You get these beautiful point-pictures of crystals.

I just googled a random paper. Check for example here in Fig. 5:

https://www.researchgate.net/publication/341135204/figure/fig2/AS:887594229440512@1588630363656/Laue-photo-showing-an-x-ray-diffraction-pattern-for-CoSb-2-O-6-Typical-exposure-times.png

By the way, mathematically: The diffraction pattern is the Fourier-Transform of the lattice/spatial distribution of scatters.

A place to start:

https://en.wikipedia.org/wiki/Fraunhofer_diffraction_equation

Mathematical part is more or less clear

Michael Rüsing

One more point if I may Will there be time delays for the photons reaching the screen as in Laue Diffraction experiment Let's say if we 'bombard' a crystal with x rays Will the picture on the screen be changing with the time? The density of dots will increase decrease or remain the same? Thanks

Individual photons will reach/appear at the screen at different times. If you turn the intensity down to the single photon level then just single dots will appear at - what will appear as random locations. With time, though, they will form the diffraction pattern. You can imagine the pattern of points as a probability pattern. Therefore, with time probability will still result in the same diffraction pattern. Here, X-rays are not different from electrons or photons with visible wavelength.

If you illuminate the same crystal for long and watch the screen, the picture will stay the same - given the crystal does not change.

With prolonged exposure time the intensity of each peak will get stronger and stronger. Imagine a classical, analogue fotofilm, where over time points will just be overexposed the longer you illuminate. If your detector can manage the contrast, though, the picture will not be different.

What can happen, is that weak peaks that during short measurement times are lost in noise will eventually outgrow the noise level. But still, the overall picture will also be the same. No matter, if measuring for 1s, 1 min or hundreds of hours.

Assuming that the exposure is infinitely long Will it be just a monotonous black spot (dark spot) then or there will be white (contrast) areas within the spot provided that the conditions are as mentioned earlier?

Assuming that your detector or film cannot be overexposed, then the diffraction pattern of spots will stay the same.

Please note, you find both ddark films with bright spots indicating high intensity or bright film/detector, which turn dark in the exposed areas.

Ok Let me paraphrase the question If we move the detection screen at regular intervals of time (equal) for relatively long period and get hundreds or thousands of photos of patterns Will these photos differ in any shape or density etc. or will they remain identical provided that the intensity of emitted photons remains unchanged?

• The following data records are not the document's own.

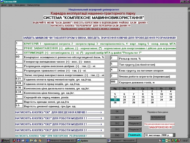 Для рішення задачі на ПК необхідно попередньо виконати інсталяцію пакету прикладних програм SKM та базу даних, яка складається із п’яти файлів: MATR.KULT, ENERGET.SKM, MASHYNY.SKM, OPERAGREGAT.SKM, SILGOSKULTURY.SKM, TEXNOLOGKULT.SKM.
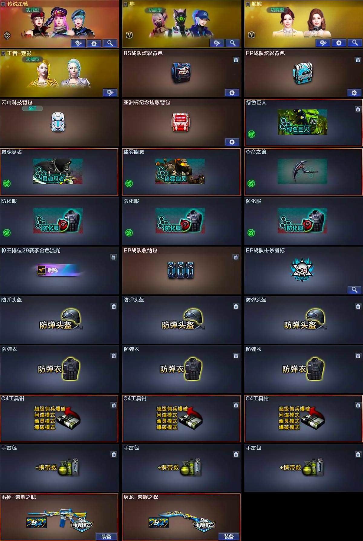 【道具】:BS战队炫彩背包,EP战队炫彩背包,云山科技背包,亚洲杯纪念炫彩背包,绿色巨人,灵魂忍者,迷雾幽灵,夺命之镰,防化服*3,枪王排位29赛季金色流光,EP战队收纳包,EP战队击杀图标,防弹头盔*3,防弹衣*3,C4工具钳*3,手雷包*3
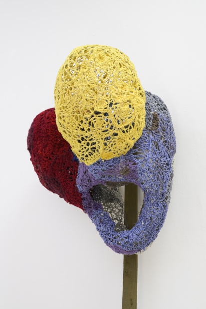 For her Club Solo exhibition, Peeters has made three new works, each of a considerable size and on unstretched linen. An elongated light-grey canvas shows a picture emerging from a vertical mid-axis. Exuberantly fanning lines, made of stitching, seem to roll out to the edges of the book. It is a dynamic whole, with subtle nuances of colour ranging from blue-grey to sea-green and shades of brown. At its edges, the drawing is not constricted by a frame; the lines seem to move freely into the room, the edges of the loose canvas following the drawing. This flowing form recalls Don't try this at Home (1994) (not catalogued), a psychedelic crochet of brightly-coloured flower motives that spreads out over the wall in freely flaring shapes. Likewise, the recent grey canvas escapes the frame, the pattern, the symmetry and the motive. All that remains is a suggestion of space, movement and boundlessness, in an unframed picture that silently conforms to the two-dimensional plane.
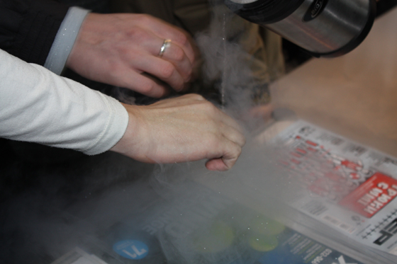 Азот кипит, народ полон энтузиазма, все опять при деле. И даже те, кто не отвечал на вопросы и кто не участвовал в основном конкурсе, тоже получили заряд бодрости и адреналина. Дело в том, что мы никак не могли упустить момент и не полить азота на шаловливые ручонки зевак :)

I will try to explain the reason behind my questions If we assume that the photon is a particle that has some energy and it bombards the screen it means that this energy should spread on the or inside the screen so the effects of hitting the screen will appear not only at the place of impact but elsewhere (for example round the spot or to the left and right of it and if the structure of the screen's surface or inner structure of the parts of the moving detector screen differs so will differ the pattern on it

That is the neat thing. In that moment, that the "wave" is measured, it acts as a particle.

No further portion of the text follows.